I leaned back against the counter, taking in what he was wearing with disbelief. Each time I think he’s found the weirdest garment in the western hemisphere he takes it to a whole new level. This appeared to be skin tight, transparent lace, which you wouldn’t think could be worn as a t shirt. It drew attention to everything. Every. Thing. Darcy gave me a wicked look over the museli. He finds this endlessly amusing. Roger used to love breakfast with Darcy wearing the most shocking thing he could come up with.

“If you didn’t pay attention he’d stop doing it.” he told me more than once, usually in front of Darcy. “It’s only because you react he gets a kick out of it.”

“How do you not react to that?” I used to demand back, which made him laugh since Rog’s idea of dressing up was to put on a sweater without holes in the elbow. He only wore ties if I physically put him into one before we walked out of the door and made threats about what I’d do to him if he took it off before we got home.

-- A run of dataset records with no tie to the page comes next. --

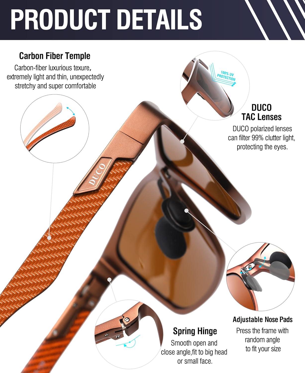 Be the first to review “DUCO Mens Sunglasses Polarized Rectangle Sunglass for Men Lightweight Carbon Fiber UV400 Protection 8206(Brown Frame Brown Lens)”
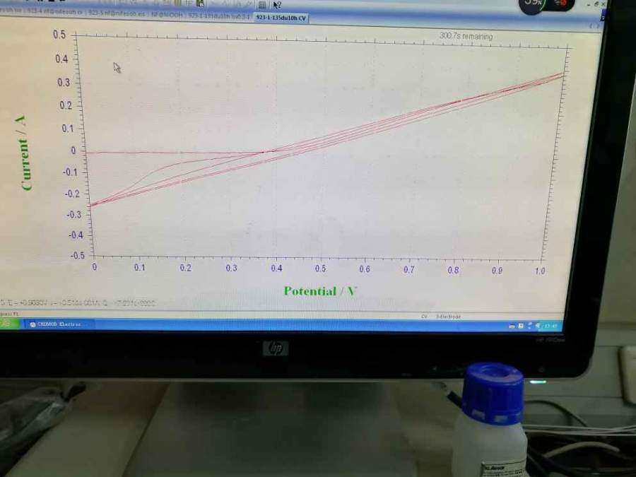 我是做OER的,用的三电极体系,电解质为pH=14的KOH溶液,参比电极为Ag/AgCl,对电极碳棒,工作电极是泡沫镍负载了镍的碱式盐Ni2(NO3)2CO3,(活化后变黑Raman显示转化为氧化镍),扫描范围设置为0-1V,相对于RHE就是1-2V,正常在理论析氧电位1.23V之前不应该有反应,或者有个小的催化剂的氧化峰,可是我的CV在起始点位为1V的时候电流密度为负。 我自己分析1.一个可能是催化剂有电容器性能充放电电流造成负电位,不过不应该这么大啊。 2.有物质在1.23之前可以被还原,查了Ni三价离子氧化性很强(相对于标准氢电极电势1.84)不应该出现……二价镍被还原成单质镍也不对。 3.测别的东西比如NiOOH,空白泡沫镍这种曲线都正常 发自小木虫Android客户端 |
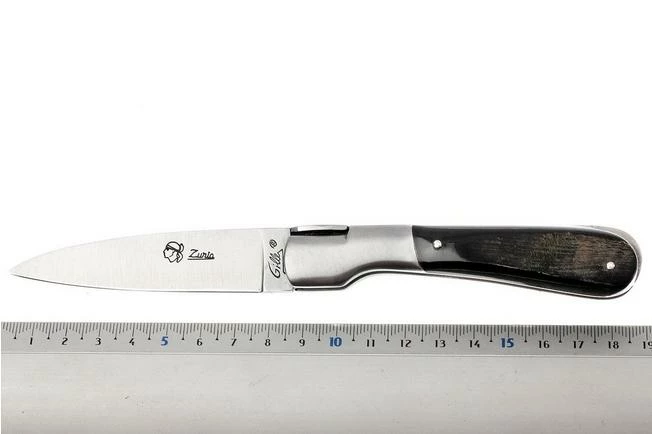 Classic French hand-made Laguiole pocket knife. Closed length: 10.5 cm. Features a 12c27 steel blade and back-lock system. Handle is made from buffalo horn bark.
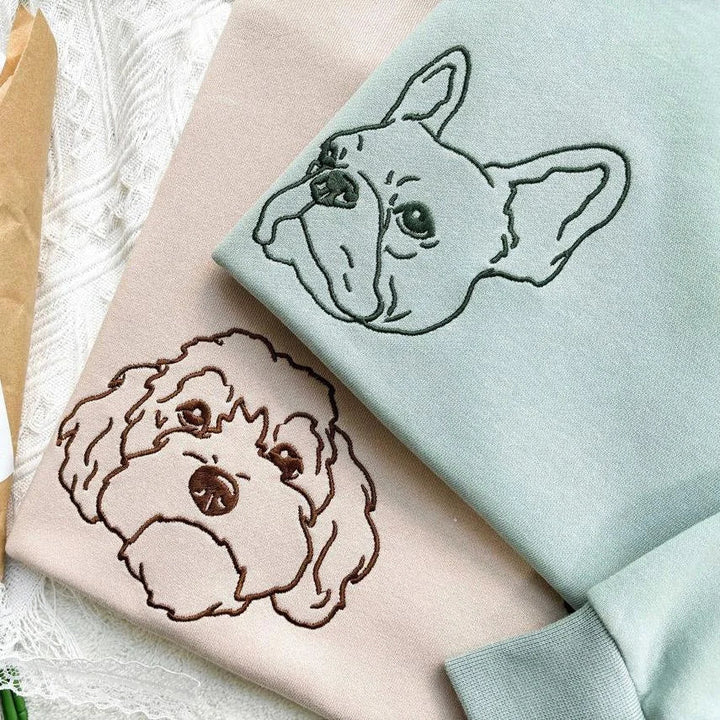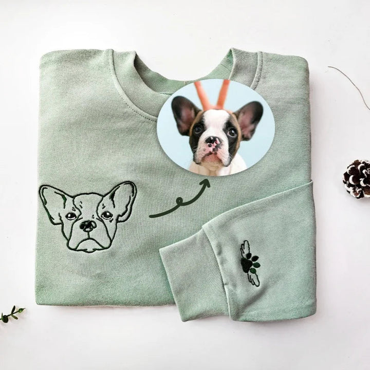 Embroidered Pet Face and Pet Name on Sleeve Sweatshirt for Pet Lovers
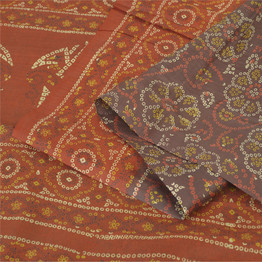 Sanskriti Vintage Sarees Brown Bandhani Printed Pure Silk Sari Soft Craft Sustainable Fabric
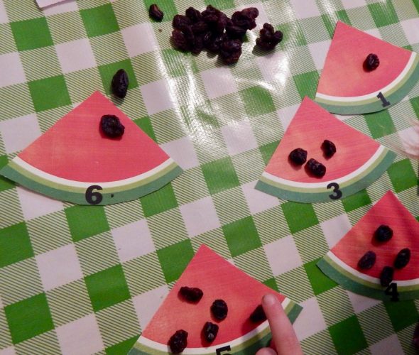 We tried these watermelon counting mats that I downloaded at From ABC’s to ACTs. I helped my daughter count raisins for each mat. She could recognize about half of the numbers from 1-6. She needed help counting groups of raisins higher than three.
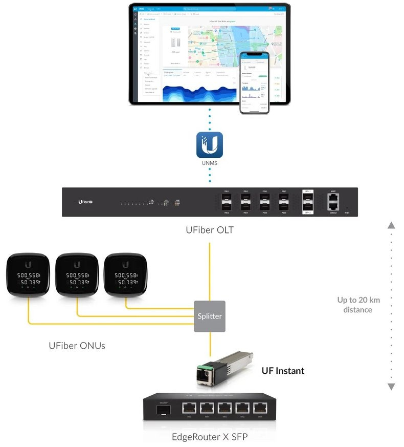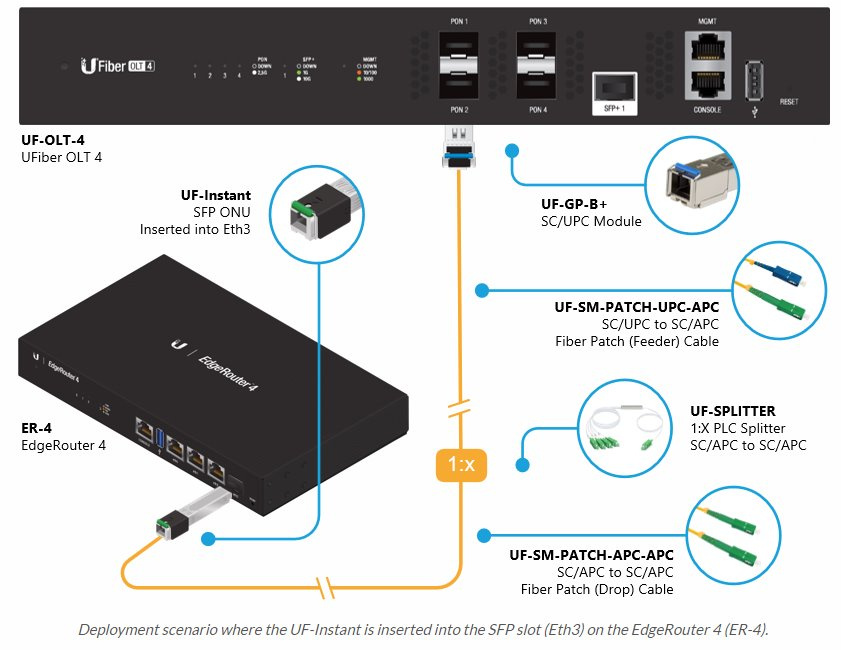 UF-Instant je GPON SFP modul s jedním SC konektorem a je určený do Ubiquiti jednotek řady EdgeSwitch, EdgeRouter, UniFi Switch a USG nebo s produkty UF-AE a F-POE-G2.
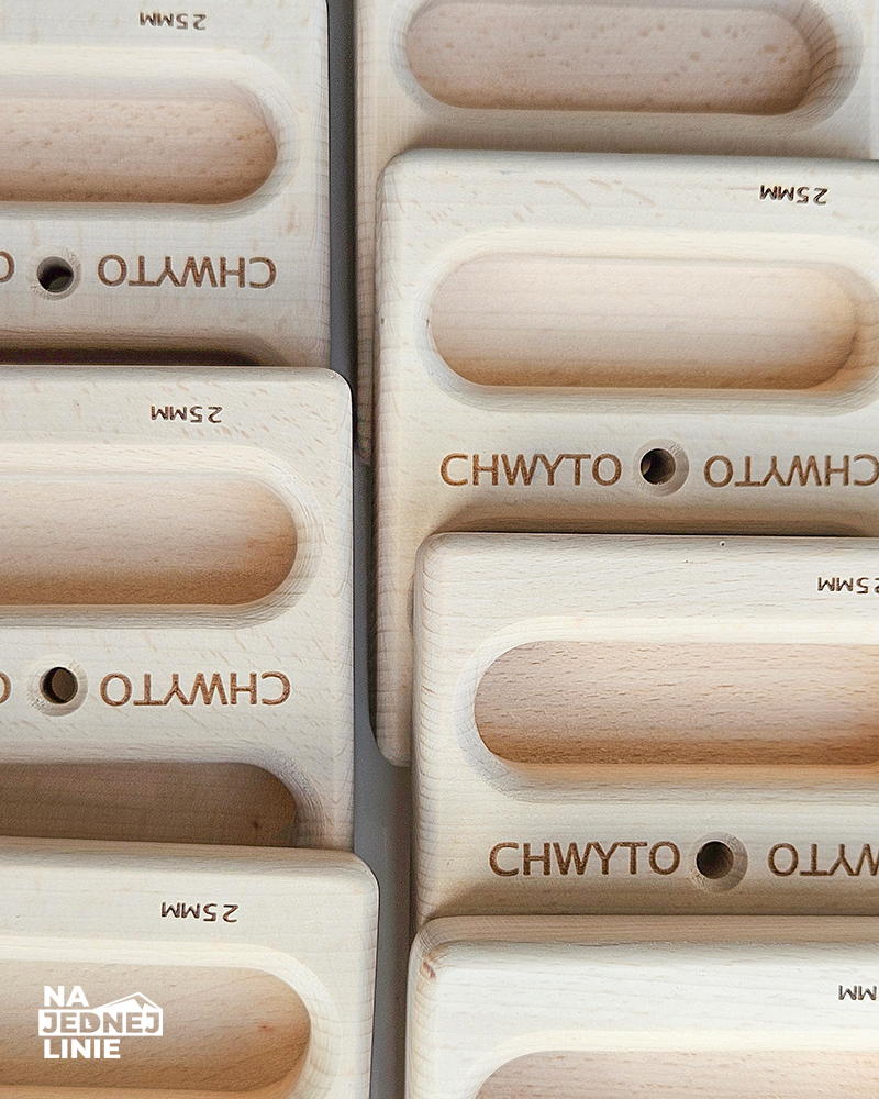 Właśnie dlatego powstała CHWYTO — zaprojektowana przeze mnie, przetestowana przez wielu zaprzyjaźnionych wspinaczy i wytwarzana w 100% w Polsce, z pięknego bukowego drewna.

“Danek designed it,” Darcy said breezily, “You definitely wear a designer’s current range if you intend to spend the night, er....”

“Designing.” I agreed. “You look like a tart, you do know that?”

“But a very expensive and extremely sexy Polish tart.” Darcy blew a kiss at me, eating museli. “Which is mostly the point.”

“Shameless.” I told him, shaking my head. “If Philip could see you now, he’d go and get that devil paddle of Flynn’s.”

“He’d laugh, and no he wouldn’t because I’m neutral territory.” Darcy said calmly. “Witness me, I am Switzerland. You were telling me about messages. Anything interesting?”

“Yes. Dale’s on his way over. Some sort of A.N.Z. crisis.”

“Oh my God.” Darcy looked up at me in alarm, choking on coffee. “He’s staying here? Seriously? Who’s coming with him? For how long?”

“As long as it takes, maybe a week. And no one’s coming with him.” I put a plated waffle in his reach and sat down with him to eat mine. “Stop looking like that, he’s a nice kid.”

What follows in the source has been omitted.